## PROBLEM TO WORK ON:
Each line from the one containing "Body 1: 96%" to the end of the data must be copied exactly, the first and last included; no other lines and no pictures belong in the copy.

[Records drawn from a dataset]
--- START ---

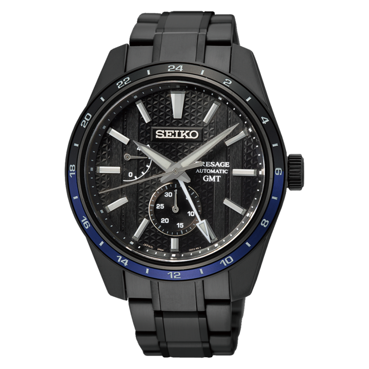 Seiko Presage Sharp Edged Series ZERO HALLIBURTON Limited Edition SPB271JC - men's watch manufactured by Seiko. It is equipped with Japanese automatic movement and 6R64 calibre. Stainless steel, hard coating case of round shape. Case dimensions are 42.2 mm. in diameter and 13.7 mm. in thickness. The dial of this Seiko watch is black. Display type: analog. This timepiece has sapphire, antireflection coating glass. Stainless steel, hard coating band, band color: black. 100 m. water resistance. The watch is from Seiko Presage collection. The following features are equipped: antimagnetic, date, glowing hands, glowing markers, dual time, power reserve indicator, limited edition.
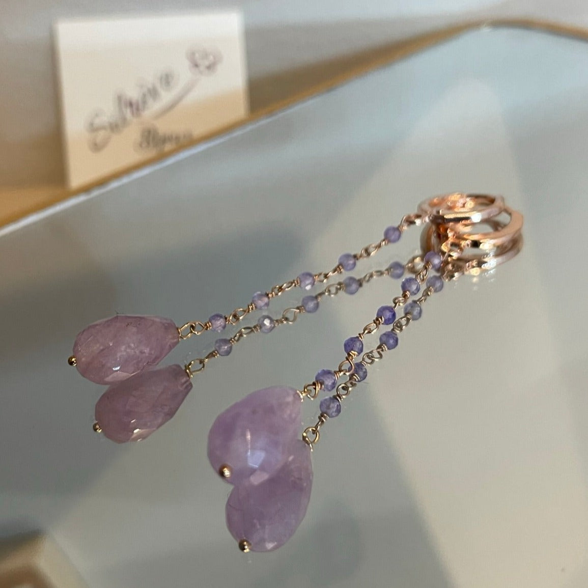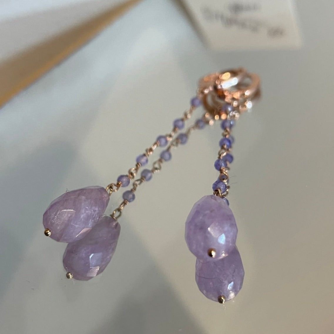 Orecchini con pietre di ametista, la parte finale del pendente è a goccia; la monachella e la catenella sono in argento 925 con una finitura rosata.
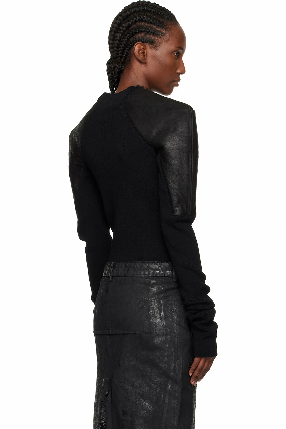 Body 1: 96% virgin wool, 3% polyamide, 1% elastane. Body 2: 100% lambskin.
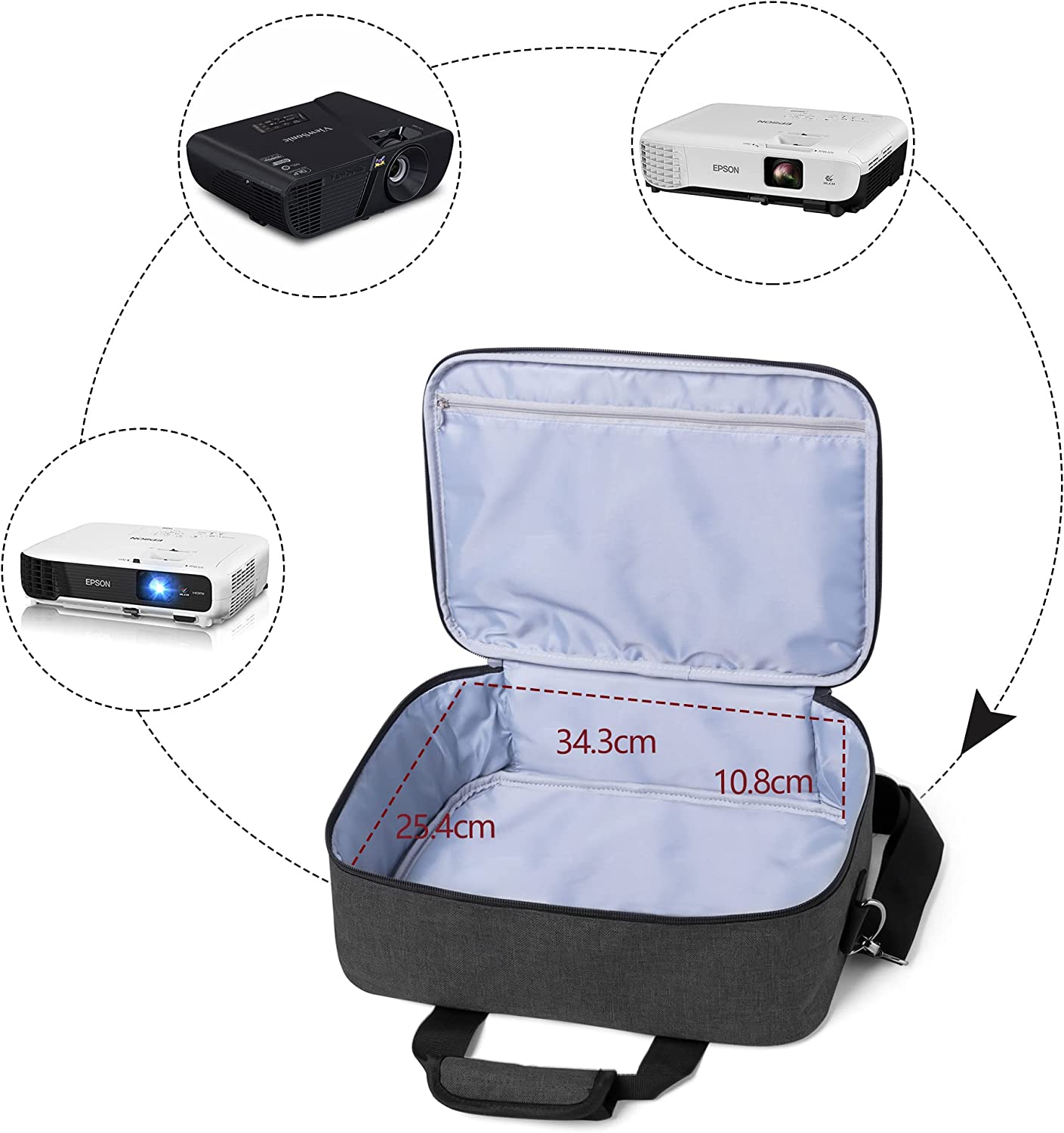 • LARGE STORAGE SECTION: The main compartment can secure the device. There is also an inner zipper pocket to put the instructions. This projector bag fits for Epson (VS240, VS250, VS350, VS355, EX3240, EX3260), BenQ (MH530FHD, MH535FHD), ViewSonic (PJD7720HD, PJD7828HDL, PJD5255). For projectors of other models and brands, please refer to the size of bottom part.
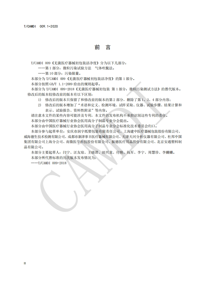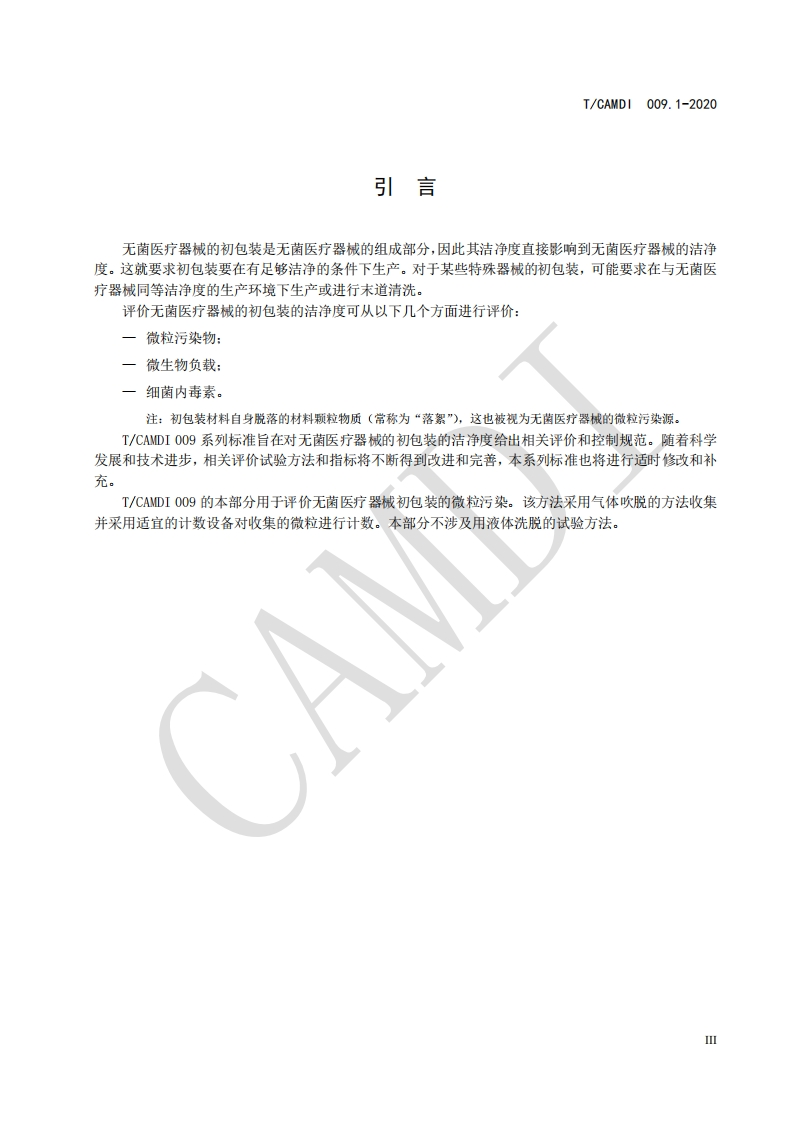 ICS11.020中国医疗器械行业协会China Association for Medical Devices Industry团体标准T/CAMDI009.1-2020代替T/CAMDI009-2018无菌医疗器械初包装洁净度第1部分:微粒污染试验方法气体吹脱法Cleanliness of primary package for sterile medical device-Part 1:Test methods for particulate contamination-Gas elution method2020-02-01发布2020-08-01实施中国医疗器械行业协会发布
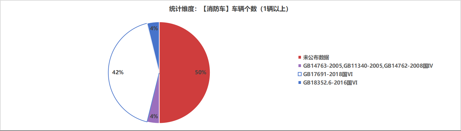 本次公告中的26款消防車中,GB14763-2005,GB11340-2005,GB14762-2008國Ⅳ(1輛,占比3.8%)、GB17691-2018國Ⅵ(11輛,占比42.3%)、GB18352.6-2016國Ⅵ(1輛,占比3.8%)、未公布相關(guān)數(shù)據(jù)(13輛,占比50.0%)。
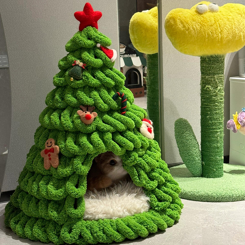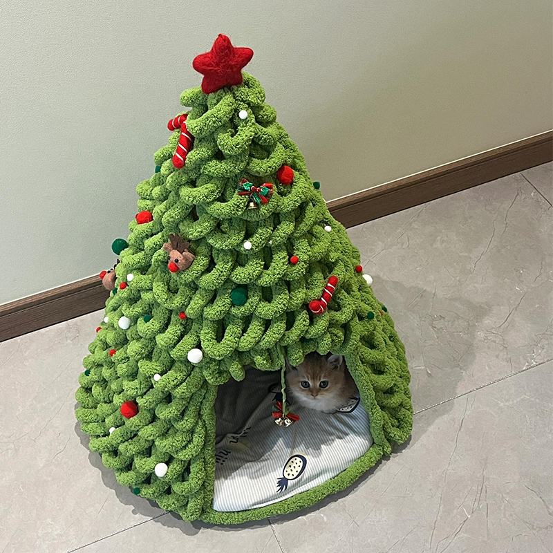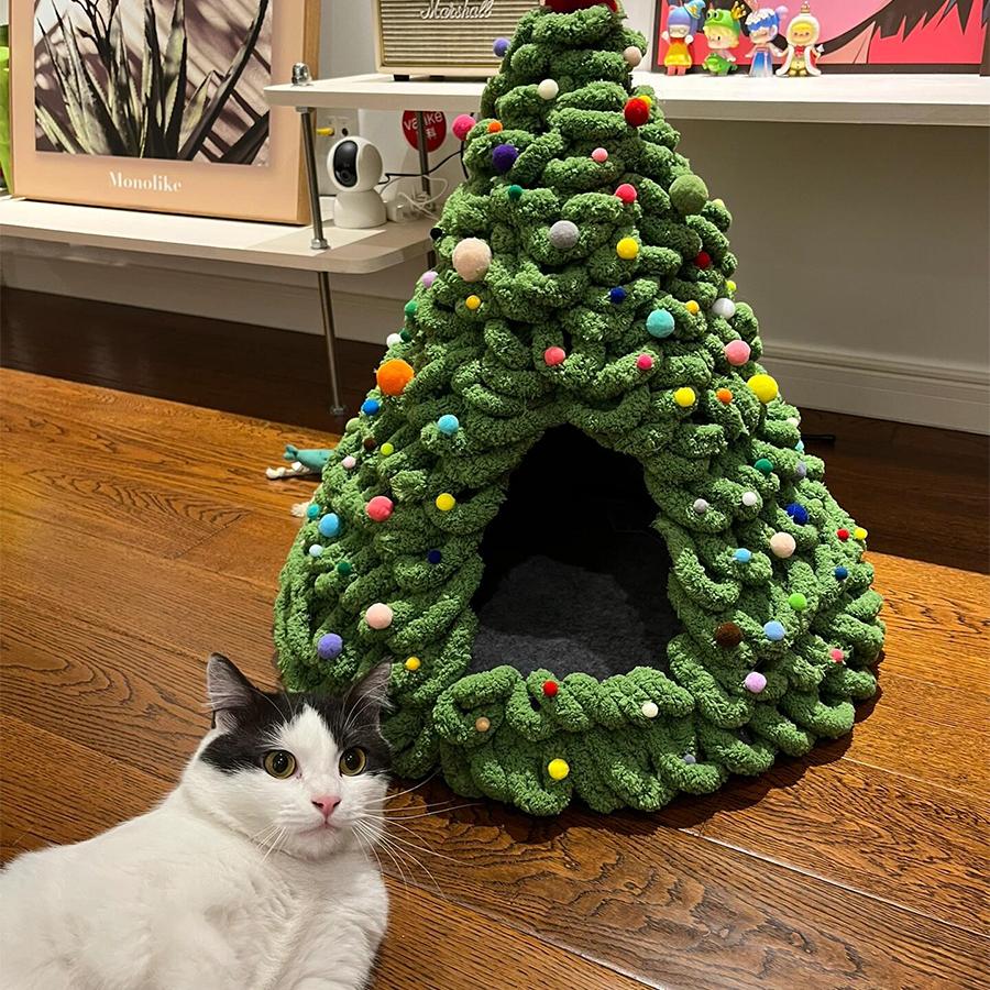 圣诞树编织猫窝手工diy材料包冬季天保暖封闭式安全感小幼猫床,浙江 金华
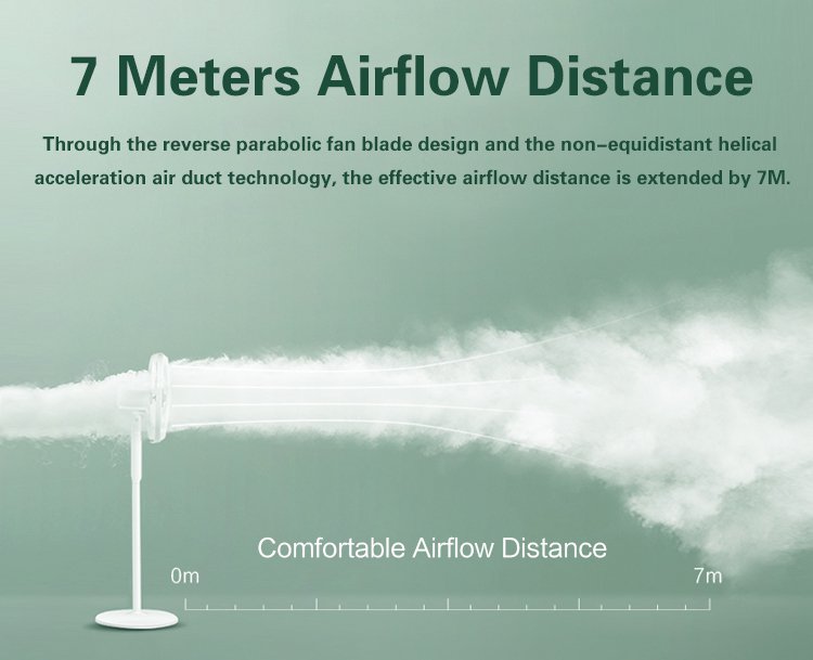 -Arc-shaped large fan blade design, strong wind, up to 4.2m/s. Variable speed brushless DC motor provides stable and strong power, simulates natural wind, low noise, low power consumption, quiet and comfortable

--- END ---

## ANSWER TO THIS PROBLEM:
 Body 1: 96% virgin wool, 3% polyamide, 1% elastane. Body 2: 100% lambskin.
 • LARGE STORAGE SECTION: The main compartment can secure the device. There is also an inner zipper pocket to put the instructions. This projector bag fits for Epson (VS240, VS250, VS350, VS355, EX3240, EX3260), BenQ (MH530FHD, MH535FHD), ViewSonic (PJD7720HD, PJD7828HDL, PJD5255). For projectors of other models and brands, please refer to the size of bottom part.
 ICS11.020中国医疗器械行业协会China Association for Medical Devices Industry团体标准T/CAMDI009.1-2020代替T/CAMDI009-2018无菌医疗器械初包装洁净度第1部分:微粒污染试验方法气体吹脱法Cleanliness of primary package for sterile medical device-Part 1:Test methods for particulate contamination-Gas elution method2020-02-01发布2020-08-01实施中国医疗器械行业协会发布
 本次公告中的26款消防車中,GB14763-2005,GB11340-2005,GB14762-2008國Ⅳ(1輛,占比3.8%)、GB17691-2018國Ⅵ(11輛,占比42.3%)、GB18352.6-2016國Ⅵ(1輛,占比3.8%)、未公布相關(guān)數(shù)據(jù)(13輛,占比50.0%)。
 圣诞树编织猫窝手工diy材料包冬季天保暖封闭式安全感小幼猫床,浙江 金华
 -Arc-shaped large fan blade design, strong wind, up to 4.2m/s. Variable speed brushless DC motor provides stable and strong power, simulates natural wind, low noise, low power consumption, quiet and comfortable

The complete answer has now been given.